Gulgee’s work is an example of the continuing dialogue between Eastern and Western artistic traditions. The artist is attempting to fuse two traditions, Islamic calligraphy, in which writing both carries a religious text· and decorates a page, and the Western style of Abstract Expressionism, with its movemented brushstrokes. These paintings combine the two traditions with grace and elegance, and at the same time manage to transcend them. The paintings stand as more than the sum of their sources.
Prof. Dr. Annemarie Schimmel, h.c. Mult. H.I., SQA.
Gulgee is no doubt the finest artist in Pakistan, able to capture the finest movement of soul and body in his drawings, highly inventive in his calligraphic paintings, and incredibly skilful in his compositions made of Lapis Lazuli.
Oleg Grabar, Institute of Advanced Study, Princeton, N.J., U.S.A.
The person is well-known. Often exciting and flamboyant in conversation or in the act of shaping forms out of stones or covering canvases with paint, Gulgee, unlike Picasso and many other lesser artists, has not led a life out of which movies will be made. He was trained as an engineer and even practised engineering for a while. Gulgee’s passion is his art, his passion for making works of art shines through his formal portraits of world celebrities and almost overwhelms the subject….
His oil paints are lavishly spread over his canvases and give to all of them a striking vibrancy a pungency of presence, which belongs to the most powerful effects associated with abstract expressionism.

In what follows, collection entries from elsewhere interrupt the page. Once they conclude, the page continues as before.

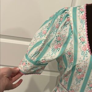 Tags: Short Sleeve Floral and Stripes Cottagecore Romantic Feminine Timeless Brunch Wedding Guest Garden Party Tiered Wedding Shower
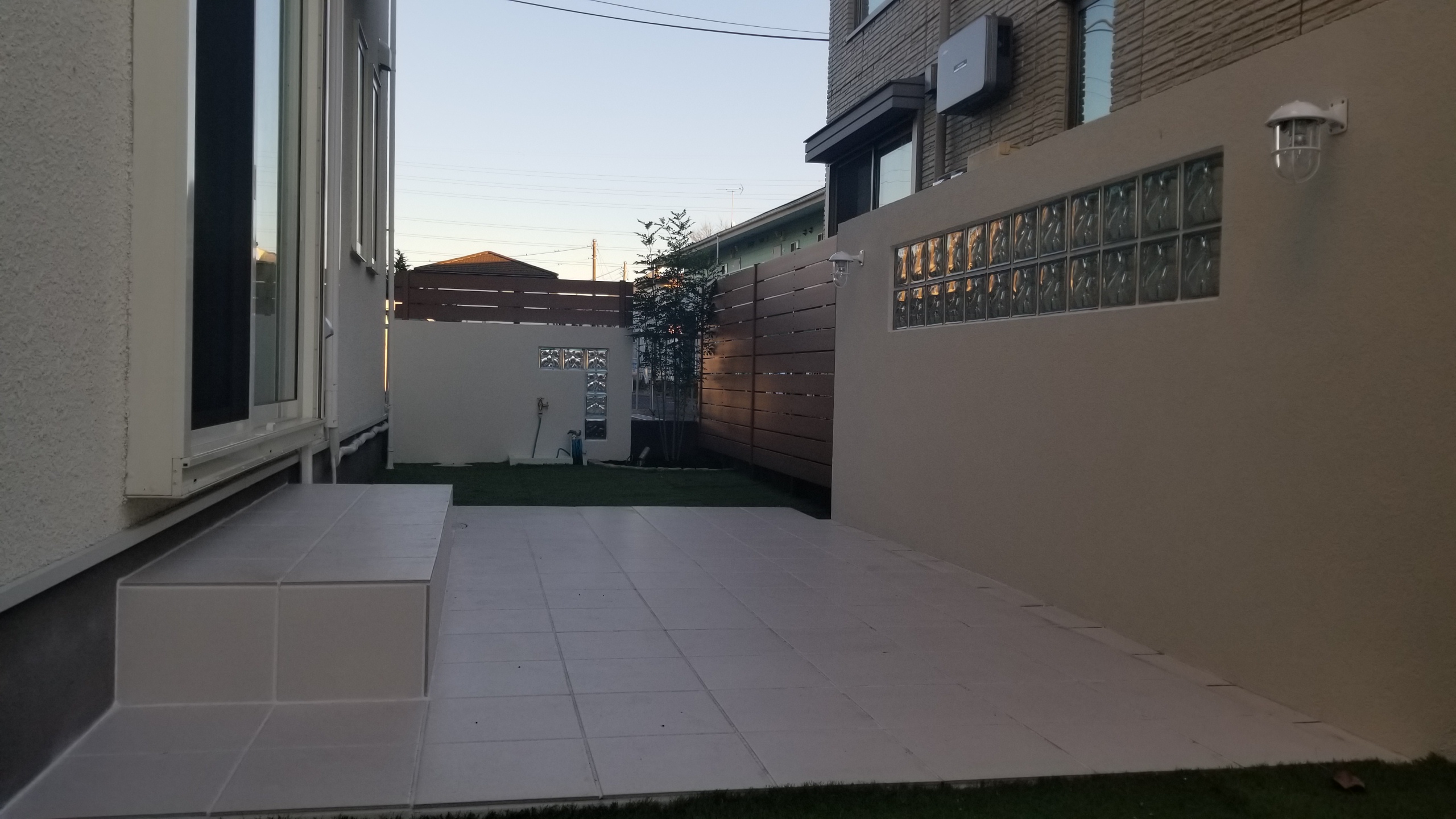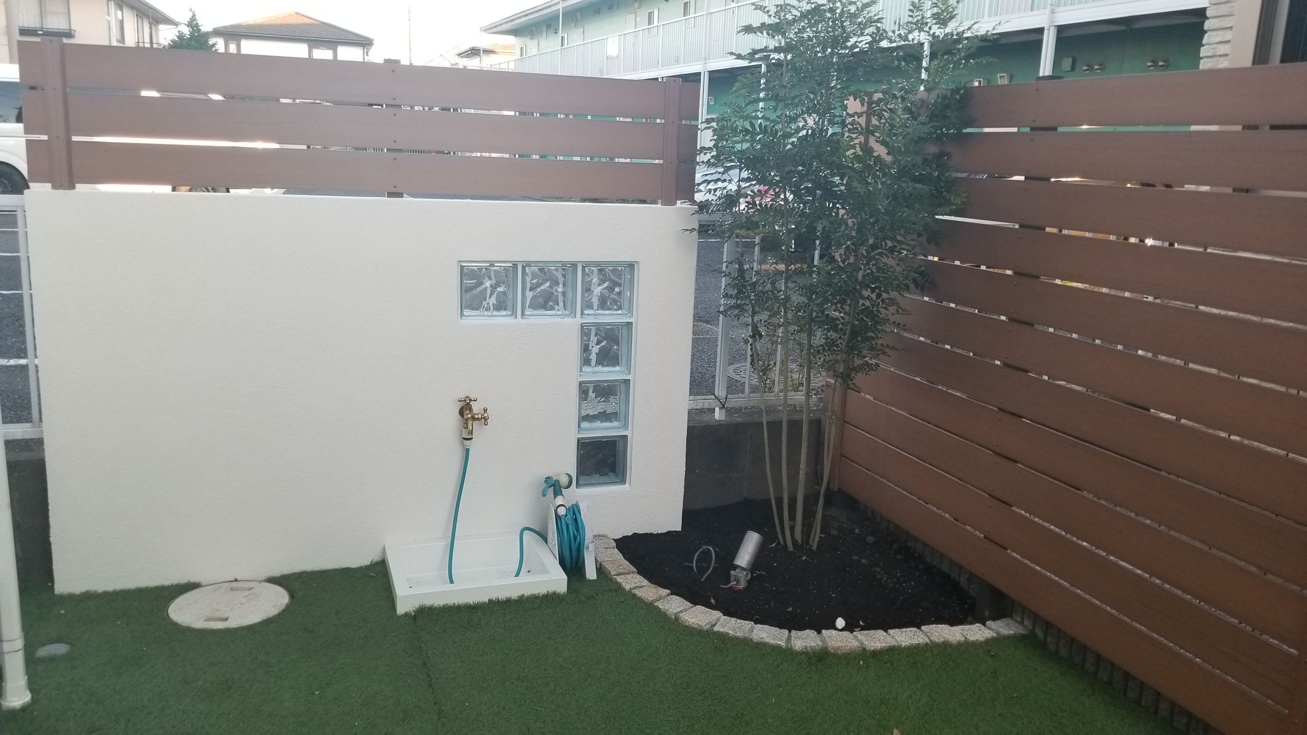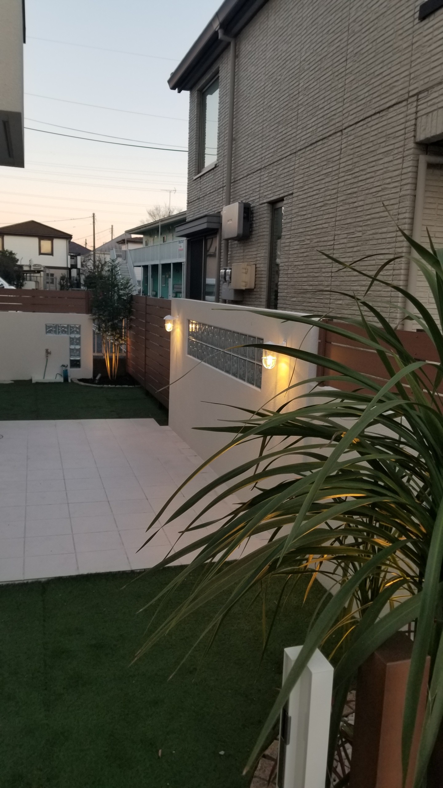ガラスブロックをふんだんに使用し、白をメインとしたプライベートなお庭に大変身です。
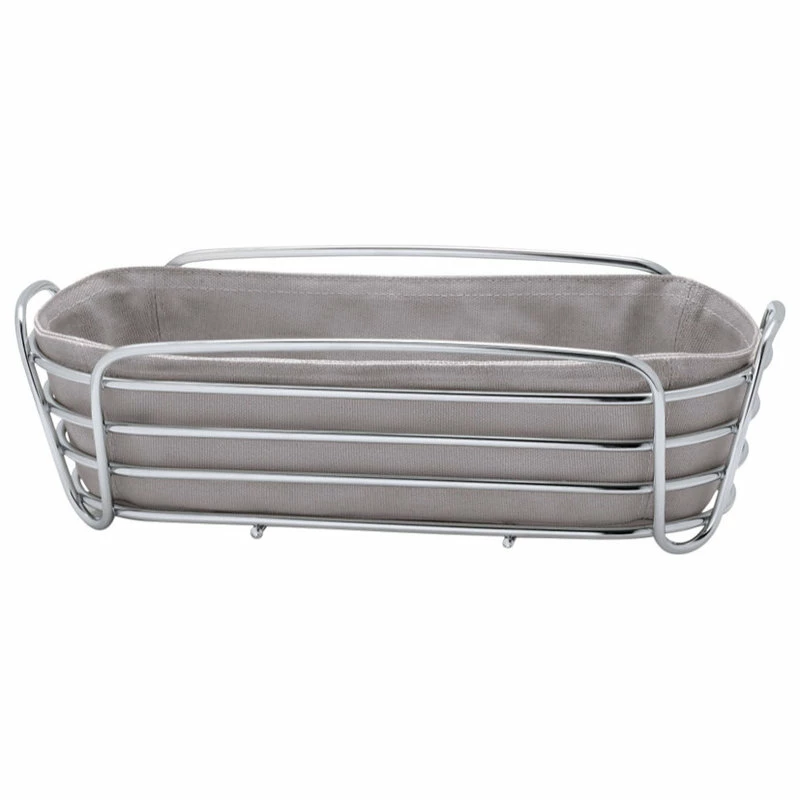 Function meets minimal style in the DELARA Bread Basket. Featuring taupe textured cotton with steel framework, this basket is a chic way to serve bread at breakfast, lunch and dinner.
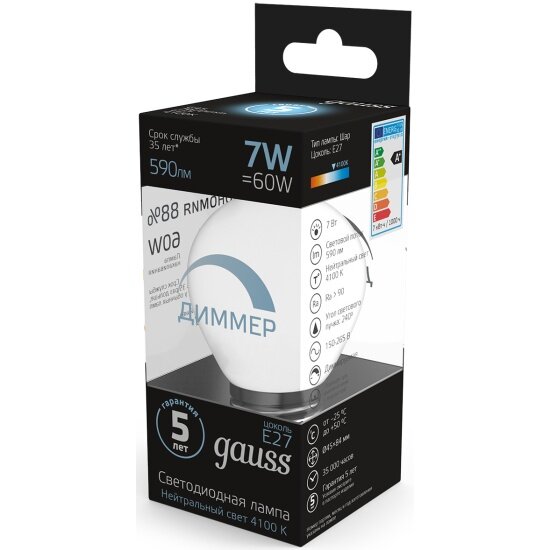 Светодиодная лампа Gauss LED Globe-dim E27 7W 4100К диммируемая информация:

Howard K. Walker, Ambassador (Retd.) of U.S.A., 2000.
I will never forget the day in 1988 when Gulgee gave me a personal tour of Islamabad’s new, great mosque where I wanted to see his magnificent sculptures on display. I had the sensation of being guided around the Sistine Chapel by Michelangelo. When we left the mosque, hundreds of school children on the square just outside ran toward him shouting “Gulgee! Gulgee!”, wanting to touch him and get his autograph. I thought: ‘How wonderful that the children of Pakistan’s capital have such admiration for one of their country’s leading artists, in the way that pop stars are youth heros in some other places’. I understand their affection for this great artist. In the presence of his paintings, one has the multiple and complex impressions of sensual pleasures that emanate from incredible color and mysteriously energetic form, and of quiet, reflective, transcendental, spiritual wisdom.